Dans certains cas, il est également possible de solliciter une réparation en application des dispositions de l’article 266 du Code civil qui prévoit que «  des dommages et intérêts peuvent être accordés à un époux en réparation des conséquences d’une particulière gravité qu’il subit du fait de la dissolution du mariage soit lorsqu’il était défendeur à un divorce prononcé pour altération définitive du lien conjugal et qu’il n’avait lui même formé aucune demande en divorce, soit lorsque le divorce est prononcé aux torts exclusifs de son conjoint. »
Le champ d’application de cet article est donc beaucoup plus restrictif mais permet à l’époux victime d’un adultère de demander réparation lorsque le divorce est prononcé aux torts exclusifs de son conjoint.

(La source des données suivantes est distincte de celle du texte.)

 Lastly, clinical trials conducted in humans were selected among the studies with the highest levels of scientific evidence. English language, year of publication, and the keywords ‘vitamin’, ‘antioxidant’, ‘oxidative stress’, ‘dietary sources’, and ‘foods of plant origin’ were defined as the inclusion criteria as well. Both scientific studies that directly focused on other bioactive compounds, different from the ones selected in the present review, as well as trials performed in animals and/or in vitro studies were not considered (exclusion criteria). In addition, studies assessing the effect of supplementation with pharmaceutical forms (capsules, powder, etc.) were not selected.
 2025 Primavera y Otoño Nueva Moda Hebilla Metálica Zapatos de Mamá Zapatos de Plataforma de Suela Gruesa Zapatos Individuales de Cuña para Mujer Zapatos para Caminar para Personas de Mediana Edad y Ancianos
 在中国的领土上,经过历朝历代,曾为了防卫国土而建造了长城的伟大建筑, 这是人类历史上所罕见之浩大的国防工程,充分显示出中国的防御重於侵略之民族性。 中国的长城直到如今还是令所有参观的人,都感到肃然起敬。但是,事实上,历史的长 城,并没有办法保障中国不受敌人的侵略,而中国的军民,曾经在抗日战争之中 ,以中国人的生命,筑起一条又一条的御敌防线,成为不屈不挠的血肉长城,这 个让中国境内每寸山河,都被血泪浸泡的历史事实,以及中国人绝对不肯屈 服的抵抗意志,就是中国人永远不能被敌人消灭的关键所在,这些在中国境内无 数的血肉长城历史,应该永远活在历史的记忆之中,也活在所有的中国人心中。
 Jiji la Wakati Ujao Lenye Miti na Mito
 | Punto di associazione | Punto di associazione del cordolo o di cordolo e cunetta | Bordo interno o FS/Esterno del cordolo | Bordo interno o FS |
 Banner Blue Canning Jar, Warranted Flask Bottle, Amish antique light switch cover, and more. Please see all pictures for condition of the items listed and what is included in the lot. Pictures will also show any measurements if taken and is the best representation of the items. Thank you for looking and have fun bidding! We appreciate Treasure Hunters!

Le préjudice doit résulter directement de la rupture du mariage et entraîner des conséquences d’une particulière gravité. La demande ne peut être formée qu’à l’occasion de l’action en divorce.

Enfin  l’adultère peut être une cause de révocation  de la donation entre époux au dernier des vivants pour cause d’ingratitude  (cass civ 1ère 25 octobre 2017 N° 16-21136).